This Blockchain Phone Is Great, if You Have Five Extremely Boring, Trustworthy Friends
09.20.2018

Imagine you have three to five friends you could trust completely with your identity and your life’s savings. Maybe you do. These friends shouldn’t know each other, or if they do, they must be more loyal to you than they are to each other. You still have that? Now, imagine a world in which none of those friends lose their phones, accidentally delete important apps, travel to places where they’re out of reach for a few days, or, eventually, die.

That is the world in which HTC’s new blockchain phone, the HTC Exodus, makes sense.

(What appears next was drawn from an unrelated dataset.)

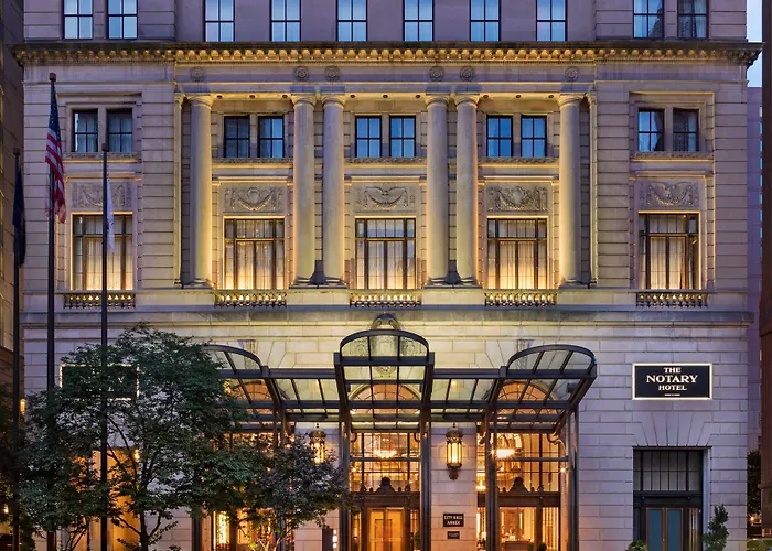 Experience a compelling blend of historic architecture and modern luxury at The Notary Hotel, Philadelphia, Autograph Collection By Marriott, a 5-star hotel rated 8.3/10 on Booking.com. This boutique hotel features an inspired 1920s décor and is located in the heart of Center City, providing easy access to various iconic landmarks.

The idea behind the HTC Exodus, HTC’s “decentralized chief officer” Phil Chen told Wired, is to give users ownership over their “identities and data” and offer them a safe place to stash their cryptocurrency—a hardware wallet instead of the software ones most cryptocurrency holders use. Currently, the majority of us turn over the keys to our personal information to companies like Facebook, Apple, or Google. Our money lives in centralized banks, or maybe our cryptocurrency lives in the centralized Coinbase. If we were the sole owners of the safeguards to all these things, we wouldn’t have to rely on those centralized and often morally problematic third parties. Plus, Chen told Wired, “Centralized honeypots are continually hacked.”

The HTC Exodus instead plans to keep users’ keys in secure spaces separate from their phones’ operating systems, and if their phones get lost or stolen, users can essentially lock up those spaces. HTC is working with technology called TrustZone to accomplish this.

But this still leaves potential users with a big problem. If they’re the only ones who own their wallets and the keys to it, what happens if they forget how to access or lose both their wallet and keys?

If you own the HTC Exodus, you can always plan for this in advance by writing down all the information you’d need to access your wallet on separate, tiny pieces of paper, which you roll up and place in different lock boxes in different corners of your home—or maybe make holes in your walls and store the boxes there and then re-plaster and wallpaper your kitchen and basement so no one is the wiser. Then, you could create an intricate treasure map to your information using hints that only you would be able to decipher, like a more complicated version of the password-access questions people make to get into their bank accounts when they inevitably forget their login info.

Or, you can split that information between three to five trusted friends. This is HTC’s current and only suggested solution—and there are a few minor holes in it.

When dividing your key between those friends, you’re ensuring that together they have all the information you’d need to access your identity, data, and cryptocurrency. Separately, they’re left in the dark. You’ll have to hope that those friends never attend the same party.

That shouldn’t be a problem if a) you don’t mention to any of the friends who the other partial keyholders are or even that they are, and/or b) those friends don’t know each other—have never met, may never meet, or if they did, would definitely hate each other too much to collaborate on stealing your cryptocurrency. Either that, or none of your friends are tech-savvy or creative enough to extrapolate what they could possibly do with the information you’ve provided (i.e., steal all your money). After all, even otherwise trustworthy people can go bankrupt and resort to desperate measures if they’re smart enough to figure out what those desperate measures could be.

Furthermore, people change all the time. Friends have falling outs, people who previously weren’t close come together under unexpected circumstances, and others overcome hatred in favor of scoring a big pile of money. Think of Reservoir Dogs. Mr. Pink, Blue, Blonde, Orange, Brown, and White weren’t friends. They didn’t even know each other’s names, and they still attempted to pull off a jewelry heist as a team. It didn’t go well, but that’s hardly the point.

What if your friends are more forgetful and irresponsible than you? What if they lose their phones, or delete the app they’d installed to help you safeguard your key? You heard that right: you have to get them to install an app—a hard sell for particular types of friends, like those who don’t trust technology or are older than 65. What if one of those friends travels to another country where they get their phone stolen? It just takes one. These “what if” scenarios could go on forever (for example, what if you don’t have any friends?), but we’ll leave the rest up to your imagination.

Chen admitted that “this is the 1.0 version” of the HTC Exodus. “There are other backup plans we’ve thought of,” he told Wired, “but they’re not part of the solution yet.”

In the meantime, if you’re thinking of buying the HTC Exodus 1.0, maybe it’s also time to consider making new friends.